SAN FRANCISCO — This may be the worst decade for the technology sector since the invention of the transistor in 1947 launched this smaller-faster-cheaper industry. When the dot.com bubble burst in 2000, the tech sector experienced widespread layoffs and many Internet startups went bankrupt.
Now technology is suffering indirectly from the second bubble to burst in the new century, this one a housing crash that has precipitated the worst financial crisis since the Great Depression.
Tech firms from North America to Asia have responded with layoffs and hiring freezes. So far the pullback has been less severe than the dot.com aftermath and has mainly affected those tech sectors most sensitive to consumer spending. If policy makers can calm the larger financial crisis, forecasters expect the tech industry to emerge from the doldrums with the rest of the economy in 2010. Meanwhile, the slump is likely to drive mergers and consolidation as global competitors in this maturing industry attempt to grow through acquisition.
One sign of weakness in technology was a slump in 4th quarter semiconductor orders. Chips are the foundation of electronics and year-end shipments are typically strong. But the near-collapse of the financial system in September and October seems to have altered that dynamic and stalled growth. “The current global economic turmoil is clearly having a significant impact,” as Semiconductor Industry Association president George Scalise said in a recent forecast. SIA expects worldwide chip sales to drop nearly six percent in 2009 — the first such yearly decline since orders collapsed in 2001 after the dot.com bust.

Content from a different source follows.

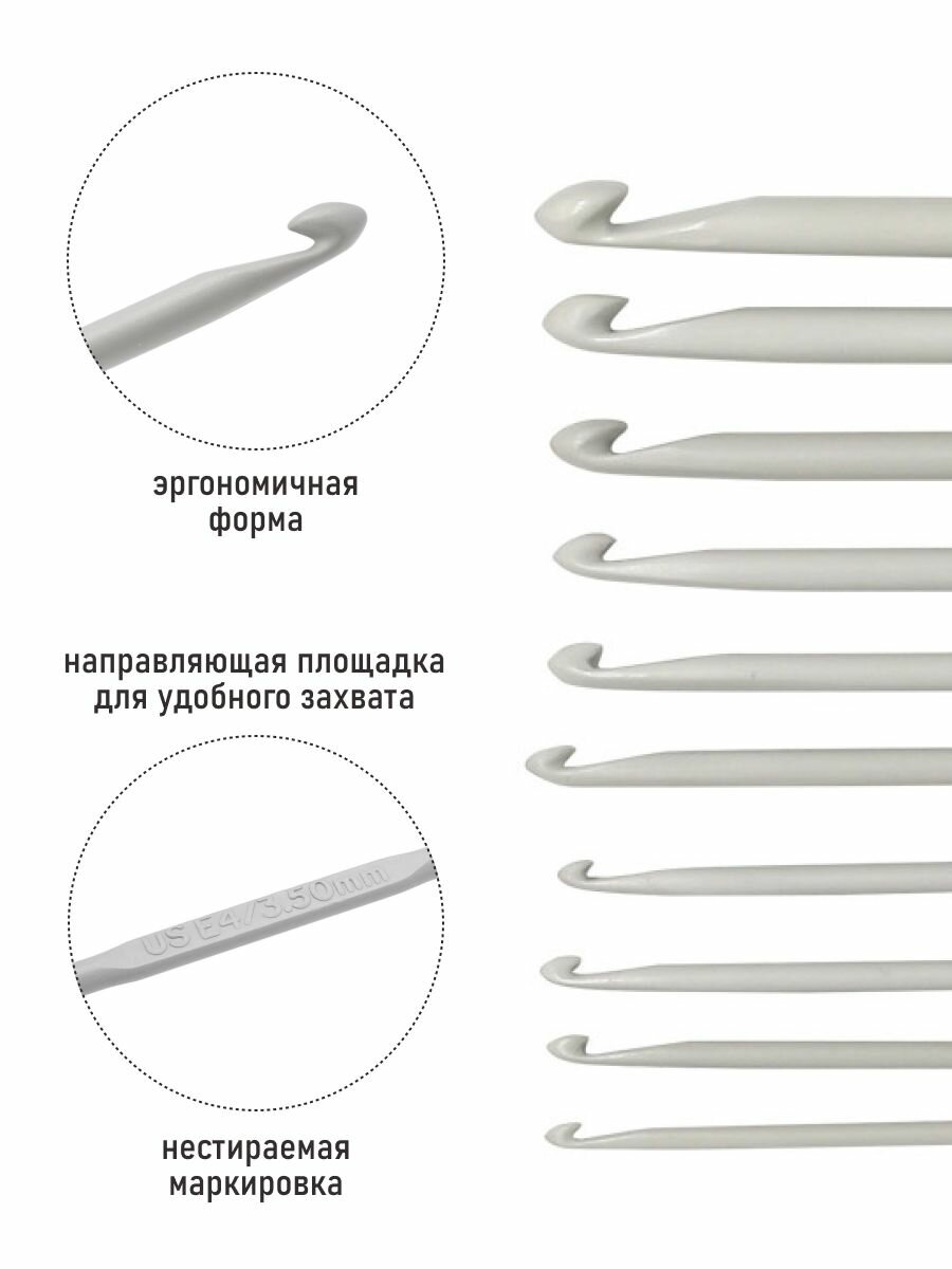 Крючки вязальные с силиконовой ручкой/ Набор крючков для вязания, 9 шт, диаметр 2; 2,5; 3; 3,5; 4; 4,5; 5; 5,5; 6 мм

North American semiconductor firms including National Semiconductor, Lam Research and Applied Materials have already announced layoffs. Taiwan Semiconductor Manufacturing Co. recently clamped a hiring freeze on its 20,000-person work force. TSMC is one of the world’s largest contract manufacturers, making chips for consumer devices such as Apple iPods, Sony televisions and Motorola cell phones.
The financial crisis has also curbed the global appetite for computers. Industry forecasters have lowered estimates for PC shipments in 2009. Instead of the double digit increases of the last several years, they now hope for growth of around 4 percent and expect much of that to come at the low end as buyers opt for a new genre of cheap mini-laptops. Computers now seem to be valued for mobility and connectivity as opposed to some new use that could drive enthusiasm and demand.
Such trends spell trouble for tech firms worldwide, which depend on a virtuous circle of new software applications driving demand for hardware and services. The anticipated PC slowdown will add to the woes at Dell Computer in the United States, which has been languishing for some time.
Lenovo, a rising tech brand from China, has seen its profits plunge and hinted at possible job cuts. The technology slowdown threatens to worsen the recession in Japan, which has suffered a slump in exports of semiconductors to its Asian manufacturing partners. South Korean chip exporters are also experiencing shortfalls as a consequence of softening demand for PCs and consumer electronics in North America and Europe.
In contrast to the general gloom, Hewlett-Packard recently pleased investors with a stronger-than-expected fourth quarter earnings report. Over the last decade HP has grown through acquisitions. It swallowed Compaq in 2002 after a bitter board feud, but recently acquired computer services firm EDS without much dissent. Analysts credit HP’s diversification for its success.
The lesson is not lost on other tech firms seeking to bolster their fortunes in slow or no-growth times. Four years ago, Lenovo became the world’s third-largest computer vendor when it acquired IBM’s PC division. Since then it has tried to gobble up smaller PC makers but has been outmaneuvered by its Taiwanese rival, Acer. Earlier this spring Acer acquired the U.S.’s Gateway Computers and the European Packard-Bell to become the third-largest computer vendor after HP and Dell — pushing Lenovo to fourth as Toshiba rounds out the top five in global PC market share.
In the semiconductor arena, South Korea’s Samsung made a hostile bid in September for SanDisk, a U.S. manufacturer of the flash memory storage used in music players, digital cameras and cell phones. Samsung withdrew the offer in October as SanDisk shares plunged amid the financial crisis. Samsung’s raid resembles Microsoft’s grab for Yahoo.
So long as the shares of small tech firms remain depressed, the larger companies will see them as bargains. Expect consolidation in the mature trunk of the tech industry as newer offshoots such as green energy and social networking struggle to grow in a hostile clime.